Clinical and radiological follow-up

All patients in this study underwent endovasclue treatment without acute complications, and there were no deaths. Clinical follow-up was conducted for all survivors over a period of 3 to 33 months (median, 6 months). Two cases developed cerebral infarction, but their symptoms completely disappeared during follow up. Angiographic follow-up data were available for 17 (77.27%) of the 22 patients. One (5.88%) patient had remnants of the aneurysm, and one (5.88%) patient developed asymptomatic in-stent restenosis. The overall complete occlusion rate was 94.12%.

Hemodynamics of FD

Following FD implantation, both blood flow and flow velocity into the aneurysm decreased. The mean values for Q_inflow, ICI, and Va before implantation were 0.479 (0.257–1.077) mL/s, 1.046 (0.373–2.095), and 0.030 (0.018–0.109) m/s, respectively. After FD implantation, these parameters decreased to 0.218 (0.113–0.426) mL/s, 0.363 (0.155–0.761), and 0.014 (0.005–0.033) m/s, respectively (Fig. 1a–c). The reduction ratios of Q_inflow, ICI, and Va after FD deployment were 46.33%, 62.36%, and 67.20%, respectively. A representative case illustrating the changes in flow impingement and velocity within the aneurysm after FD and coil implantation, at varying coiling PD levels, is shown in Fig. 2.

Fig. 1 — (A–C) Mean values of Q_inflow, ICI, and Va before and after FD and coil implantation. (D–F) Analysis of covariance between the two groups for Q_inflow, ICI, and Va, showing no significant reduction after FD with 5% coil PD. A p-value of < 0.05 was considered statistically significant. ***p < 0.001. FD, flow diverter; PD, packing density

Fig. 2 — Two representative cases showing hemodynamic changes in a vertebral artery aneurysm after FD and coil implantation at different coiling PDs. (A) DSA image before treatment. (B) Aneurysm model before virtual implantation. (C) DSA image after treatment. (D) DSA image showing the deployed FD. (E) Aneurysm model after virtual implantation of FD. (Fa) Flow impingement before treatment. (Fb) Flow impingement after FD deployment. (**Fc–e**) Flow impingement after FD and 5%, 15%, and 25% coils in PD. (Ga) Velocity distribution before treatment. (Gb) Velocity distribution after FD deployment. (**Gc–e**) Velocity distribution after FD and 5%, 15%, and 25% coils in PD. FD, flow diverter; PD, packing density; DSA, digital subtraction angiography

Hemodynamics of coils after FD deployment

After FD deployment, the addition of coils further reduced Q_inflow, ICI, and Va, although the reductions were smaller than with the FD alone (Fig. 1a–c). The mean Q_inflow after the implantation of 5%, 15%, and 25% coiling PDs was 0.198 (0.096–0.353) mL/s, 0.157 (0.076–0.353) mL/s, and 0.138 (0.070–0.317) mL/s, respectively. The mean ICI values were 0.322 (0.126–0.709), 0.279 (0.100–0.656), and 0.231 (0.089–0.605), respectively. The mean Va values were 0.013 (0.004–0.028) m/s, 0.011 (0.003–0.025) m/s, and 0.009 (0.002–0.023) m/s, respectively.

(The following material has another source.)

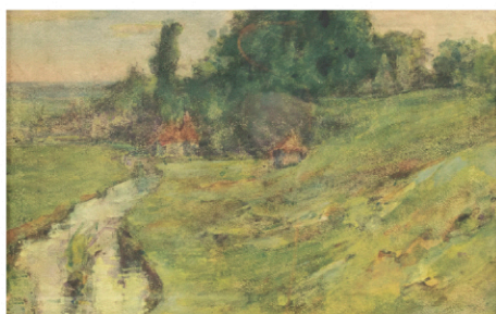
LÉON AUGUSTIN L'HERMITTE (FRENCH, 1844-1925) WATERCOLOR ON HEAVYWEIGHT WOVE PAPER, 1877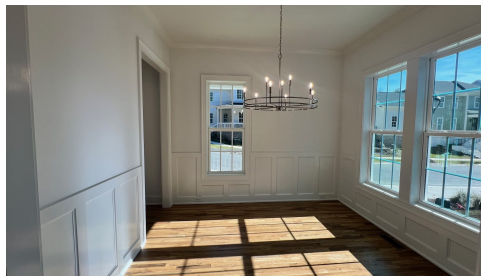
Construction Update: Nov 2024

The effects of FD and coils were compared using one-way analysis of variance and multiple comparisons. The reduction ratio with FD alone was significantly greater than that observed with 5% coiling PD (p < 0.001) for all parameters (Q_inflow, ICI, and Va), as shown in columns labeled 0% and 5% in Fig. 2d to f. However, there was no significant difference in the reduction ratio when the coiling PD increased from 5 to 15% and subsequently to 25%.

Discussion

This study aimed to explore the strategy for coil embolization following FD deployment in patients with IVADA from a hemodynamic perspective. We believe the results reflect the hemodynamic changes and may help determine the optimal PD when using an FD. Using high-fidelity finite element simulations of both FDs and coils, we analyzed the hemodynamic changes in a cohort of patients. The focus was on the necessity of coil usage and how to perform coil embolization after FD deployment in patients with IVADA. We found that although coil use contributed to intra-aneurysmal flow reduction, further packing beyond an average PD of 5% may be unnecessary.

One study indicated that hemodynamics can be used to estimate clinical outcomes following FD deployment [23]. It is valuable to analyze and discuss aneurysm outcomes after FD treatment. Several clinical issues, including aneurysm occlusion and delayed hemorrhage post-FD placement, have been reported using hemodynamic methods [24]. Li et al. [25] showed that unstable flow patterns and higher energy loss after Pipeline FD placement in intracranial aneurysm treatment could be key hemodynamic risk factors for delayed aneurysm rupture. Hirato et al. [26] and Rouchaud et al. [27] stated that increase in aneurysmal pressure and autolysis of the aneurysmal wall due to inflammation induced by thrombus formation in the aneurysm may be the risks of delayed aneurysm rupture in large aneurysms treated with FD. Other studies by Chen et al. [28] and Darsaut et al. [29] highlighted that persistent high inflow jet impingement, elevated wall shear stress areas, and abnormal pressure increases on the aneurysm wall might lead to postoperative rupture and bleeding, while additional coils may accelerate thrombus formation, obstructing inflow. Cebral et al. [30] suggested that higher pressure and continued inflow post-FD placement might contribute to delayed rupture. Therefore, supplementary loose coil packing is sometimes considered a safe and effective treatment for aneurysms at high risk of rupture. However, no cases of delayed hemorrhage occurred in our study, which may have been due to the small sample size. Further research with larger cohorts is warranted. However, in clinical practice, dense embolization is still recommended for patients with ruptured aneurysms because of the need of anti aggregation therapy after FD.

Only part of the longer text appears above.